Der Furor dreht sich um diesen Passus: Es soll erlaubt sein, bis zu 20 Sekunden eines Films, 20 Sekunden einer Tonspur, 250 KB einer Bilddatei oder tausend Zeichen eines Textes zu nichtkommerziellen Zwecken öffentlich wiederzugeben.

Speziell die 1.000-Zeichen-Ausnahme vom Urheberschutz werde die Lokalpresse „vernichten“, schreiben FAZ, Welt und andere. Das geplante Gesetz sei eine „Lizenz zum Raubüberfall“! (FAZ) Gegen die freie Verwendung von 20 Sekunden Musik verfaßten rund 500 Musiker und Bands einen Protestbrief an den Bundestag, unter anderem unterzeichnet von „Feine Sahne Fischfilet“.

Werke müßten vor ungefragter Nutzung „durch Neurechte“ geschützt werden.

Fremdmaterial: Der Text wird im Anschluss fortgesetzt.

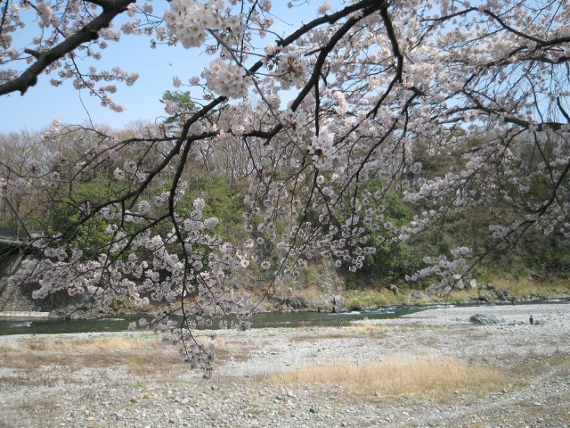 多摩川と桜です。ちょっと水量は
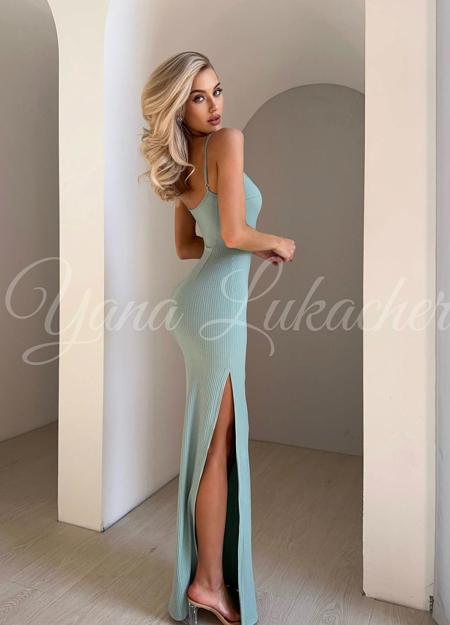 В чем формула безупречности изысканного платья «Хелена»? Все гениальное просто: лаконичный крой, трендовая длина и комфортный материал. Изделие выполнено из нежного, мягкого и эластичного трикотажного полотна, а текстура в вертикальную полоску очень выгодно подчеркивает женские формы. Соблазнительный прилегающий крой акцентирует внимание на красивых изгибах женского силуэта, а тонкие бретели позволяют продемонстрировать хрупкость плеч и изящество женского декольте. Открытый верх модели нивелируется макси длиной, которая уже завоевала звание одного из главных трендов. Юбку также дополняет высокий боковой разрез, который деликатно приоткрывает ноги и визуально добавляет роста.
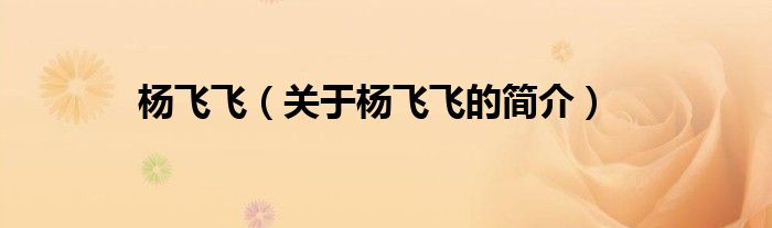 大家好,楊飛飛,關于楊飛飛的簡介很多人還不知道,現在讓我們一起來看看吧!
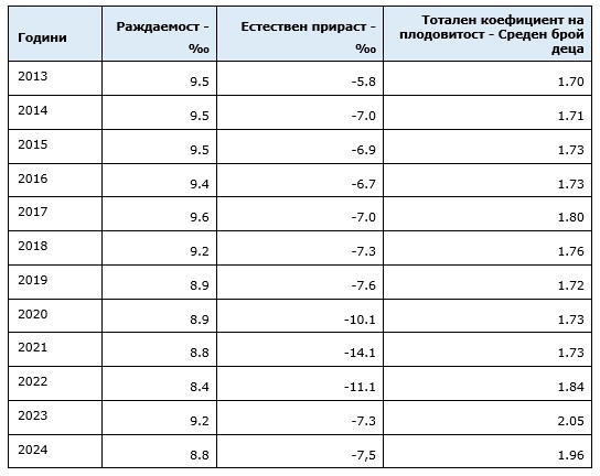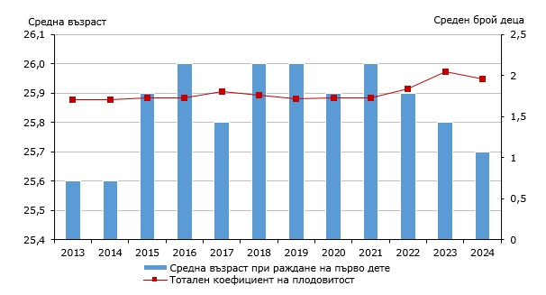 През 2024 г. средната възраст на жените при раждане на първо дете е 25.7 години. В сравнение с 2023 г. се e намалила с 0.1 години. Средната възраст на жените при раждане на дете е 27.8 години.

Das Problem der Zeitungen: Ihr analoges Geschäft erodiert, das digitale Geschäft werde ihnen nun von Google und Facebook zerstört, wenn Kurztexte – und das seien bei Lokalblättern eben die meisten – im Internet gepostet werden dürften.

Erst haben die Verlage das Problem der Gratiskultur im Internet jahrzehntelang verschlafen, jetzt schreien sie nach Uploadfiltern, die das Zitieren – aber auch das Parodieren und Karikieren – ihrer Inhalte unterbinden. Ihre Forderung: die Zeitungszustellung solle  subventioniert werden, da die Austräger als „demokratiefördernde Infrastruktur förderwürdig“ seien, so der Präsident des Presseverlegerverbands, Mathias Döpfner (Springer).

Die unterzeichnenden Musiker des Band-Briefes an die Abgeordneten führen übrigens als Argument unter anderem an, daß die ungefragte Nutzung ihrer Werke „durch Neurechte“ verhindert werden müsse.